Phänomenologische Interpretationen zu Aristoteles: Einführung in die phänomenologische Forschung

Phenomenological Interpretations of Aristotle: Introduction to Phenomenological Research

The Winter Semester 1921–22 lecture course is an introduction to the interpretation of Aristotle, which Heidegger will develop in the next semester. This phenomenological interpretation was also the title of a book on which Heidegger worked, from 1922 through 1924. The lecture course is basically a destruction of his earlier work and leads to a new explication of life.

The brief first part on the reception of Aristotle addresses the need for a fundamental clarification of philosophizing to its history on the level of factic life itself, and on the then fashionable reception of Aristotle as a naive epistemologist, and on the problem of the “Greekification” of Christianity.

In the second part, What Is Philosophy?, Heidegger defines philosophy as a phenomenological ontology and develops the intrinsically historical character of ontological research. Ultimately, there is no difference between the ontological and the historical. Philosophizing takes place within a hermeneutic situation that determines the way in which we have philosophy. Since philosophy is not a thing but a fundamental having of the situation of our lives, it demands resolution. We can have philosophy in a genuine way. This kind of having involves an addressing of the object, and is always grounded in a prior claim of already being “had” and standing in relation to something. Philosophy is a way of comportment or intentionality. The threefold sense of intentionality, content sense, actualization sense, and relational sense, is refined, and a fourth meaning is added, the temporalizing sense, which comprehends the other three. Temporalization determines the temporalizing sense. We can either have philosophy in the full-fledged sense that concerns my own existence or as an object of curiosity. The original enactment of philosophy is, in the full stretch of the actualization sense itself, pursuant to the temporalizing sense of always being under way.
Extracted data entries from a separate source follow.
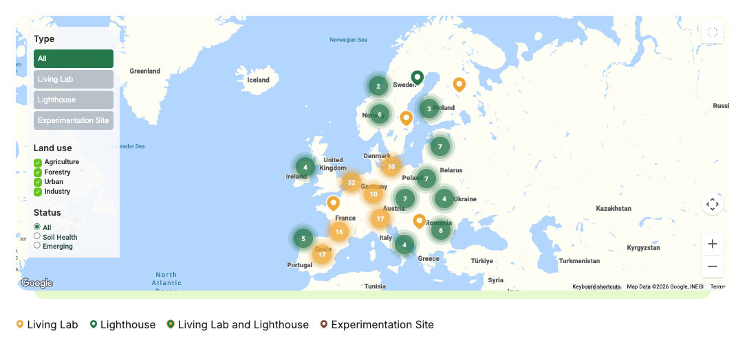 The Atlas is an interactive map showing all Mission Soil Living Labs, Lighthouses, and Experimental Sites currently operating across Europe. It provides a structured overview of active initiatives by location, type, and context.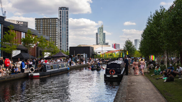[The photo the newly restored locks and surrounding development at a local community event – by Al Franco, Manchester Bolton & Bury Canal Society]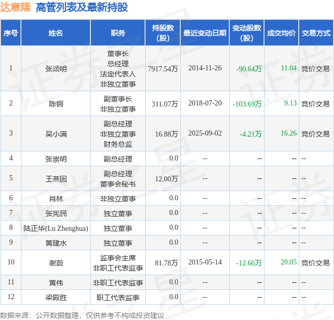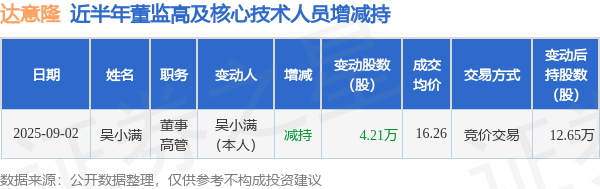 达意隆近半年内的董监高及核心技术人员增减持详情如下: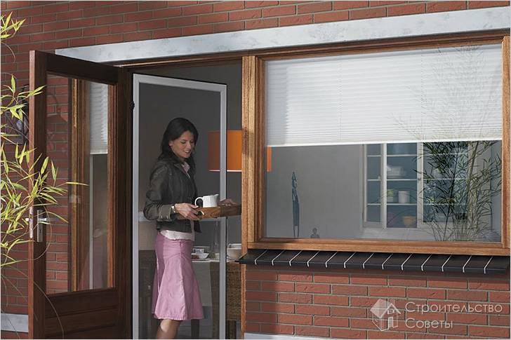 Устанавливать москитные сетки следует не только на окна, но и на балконные двери, а, в случае проживания в частном доме, и на входную дверь.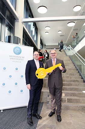 BU: Maximilian Pammer, Leiter des Unternehmensbereichs Universitäten bei der BIG, übergibt symbolisch den Schlüssel an Rektor W. Wolfgang Fleischhacker. (Fotos: MUI/D. Delius)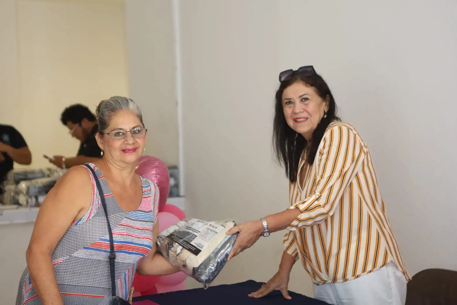 La presidenta honoraria del DIF municipal, Mtra. Dolores del Carmen González Pacheco, y la directora de dicha institución, Leslie Cristina González Gamboa, entregaron ayer por la tarde asistencia alimentaria a 41 personas inscritas en el programa estatal “Apoyo para pacientes con cáncer”.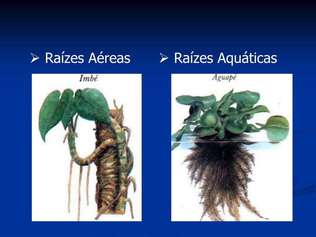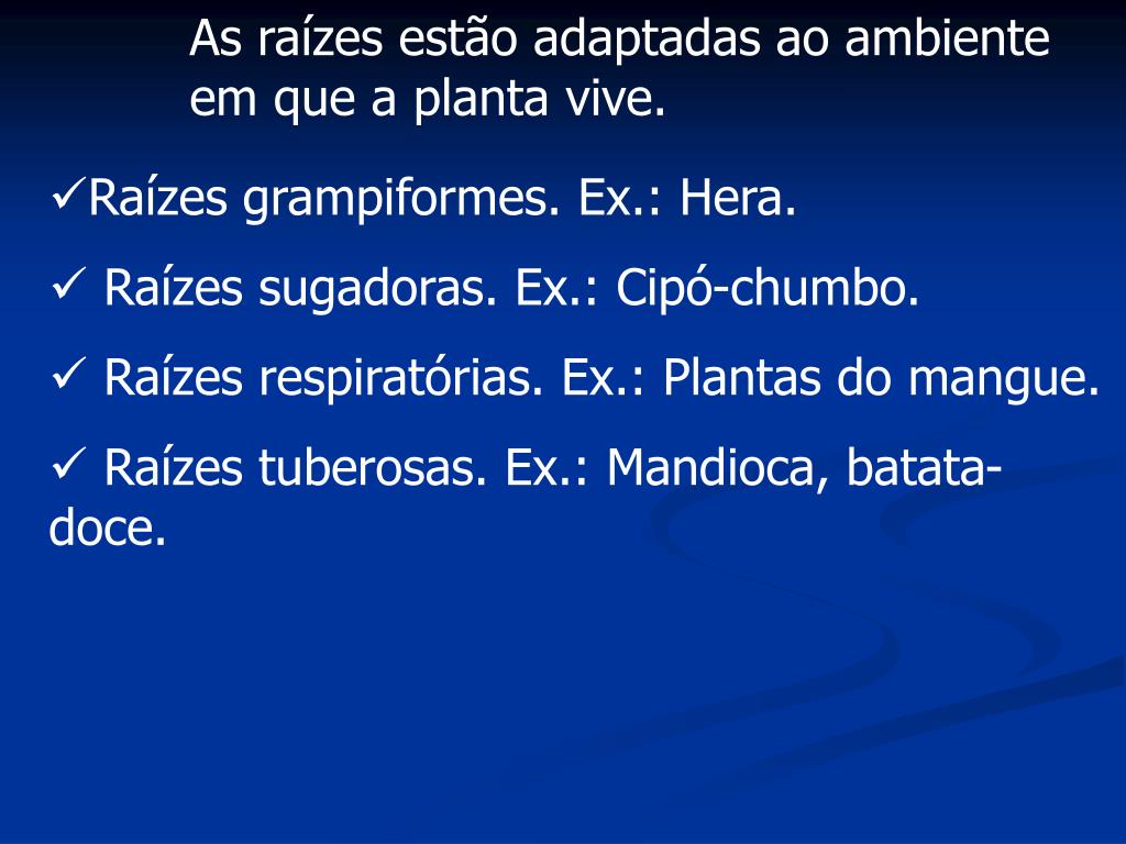 As raízes estão adaptadas ao ambiente em que a planta vive. • Raízes grampiformes. Ex.: Hera. • Raízes sugadoras. Ex.: Cipó-chumbo. • Raízes respiratórias. Ex.: Plantas do mangue. • Raízes tuberosas. Ex.: Mandioca, batata-doce.

Philosophizing as a fundamental knowing is nothing other than the radical actualization and enactment of the historicality of life’s facticity.

The third part is an ontological revision of Heidegger’s categories of life, and centers upon demonstrating the inherently historical character of the facticity of life. The primary ontological category of life is care, which is indigenous to life itself. Heidegger begins to rethink his analysis of the environment in terms of using and making, rather than seeing. Ruination, or fallenness, as it will be called later, is the dominant tendency of life.